- Data section:

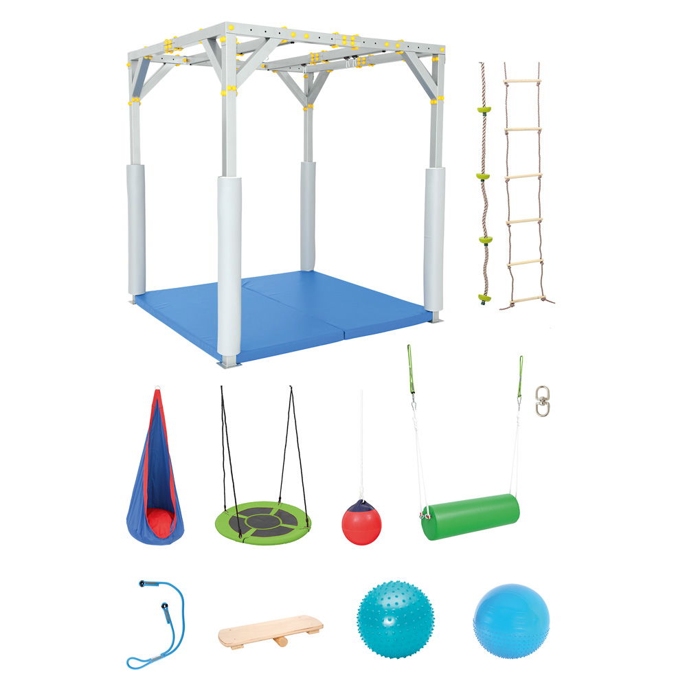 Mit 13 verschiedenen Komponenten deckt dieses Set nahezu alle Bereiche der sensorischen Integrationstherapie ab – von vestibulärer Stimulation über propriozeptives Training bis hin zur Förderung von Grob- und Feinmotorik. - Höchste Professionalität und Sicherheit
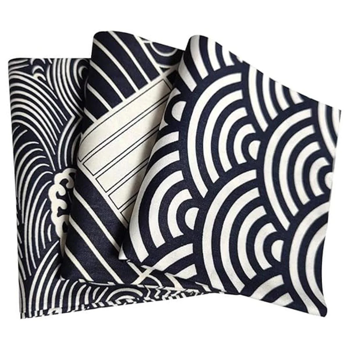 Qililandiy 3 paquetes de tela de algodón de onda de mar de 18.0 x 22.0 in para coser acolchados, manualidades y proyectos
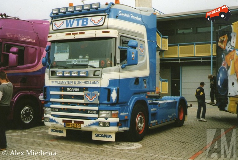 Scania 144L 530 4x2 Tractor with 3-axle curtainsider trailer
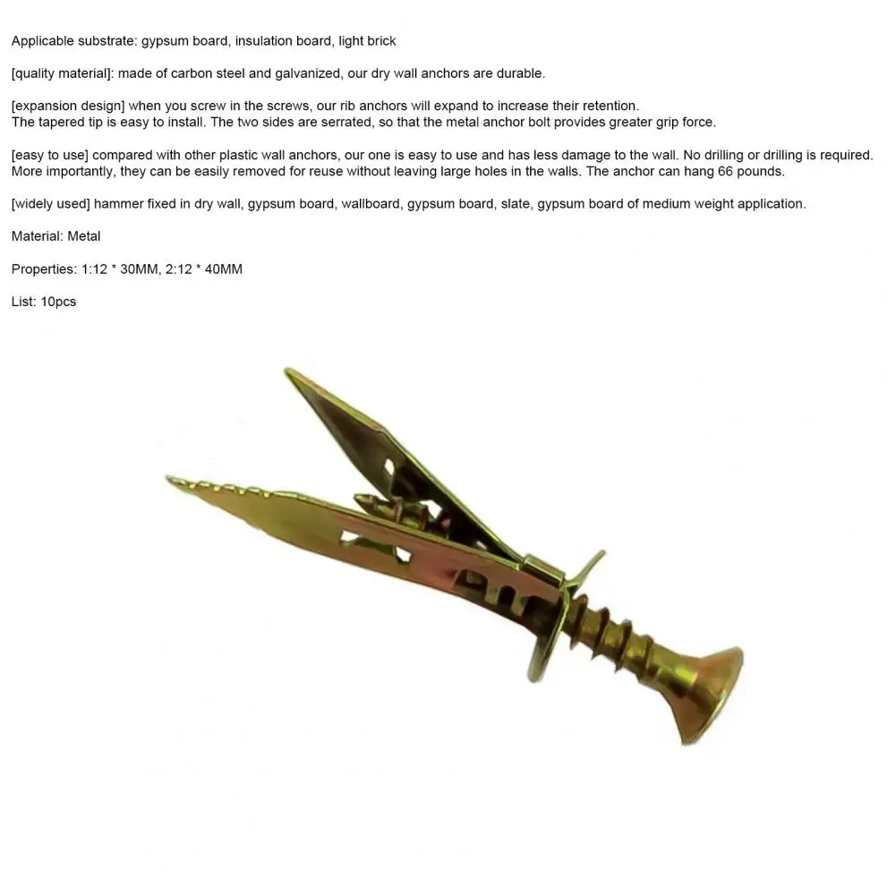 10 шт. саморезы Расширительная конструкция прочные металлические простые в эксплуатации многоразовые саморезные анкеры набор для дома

- Work request: From the first line to the last, write out the data above exactly. Omit the pictures.

- Response box:
 Mit 13 verschiedenen Komponenten deckt dieses Set nahezu alle Bereiche der sensorischen Integrationstherapie ab – von vestibulärer Stimulation über propriozeptives Training bis hin zur Förderung von Grob- und Feinmotorik. - Höchste Professionalität und Sicherheit
 Qililandiy 3 paquetes de tela de algodón de onda de mar de 18.0 x 22.0 in para coser acolchados, manualidades y proyectos
 Scania 144L 530 4x2 Tractor with 3-axle curtainsider trailer
 10 шт. саморезы Расширительная конструкция прочные металлические простые в эксплуатации многоразовые саморезные анкеры набор для дома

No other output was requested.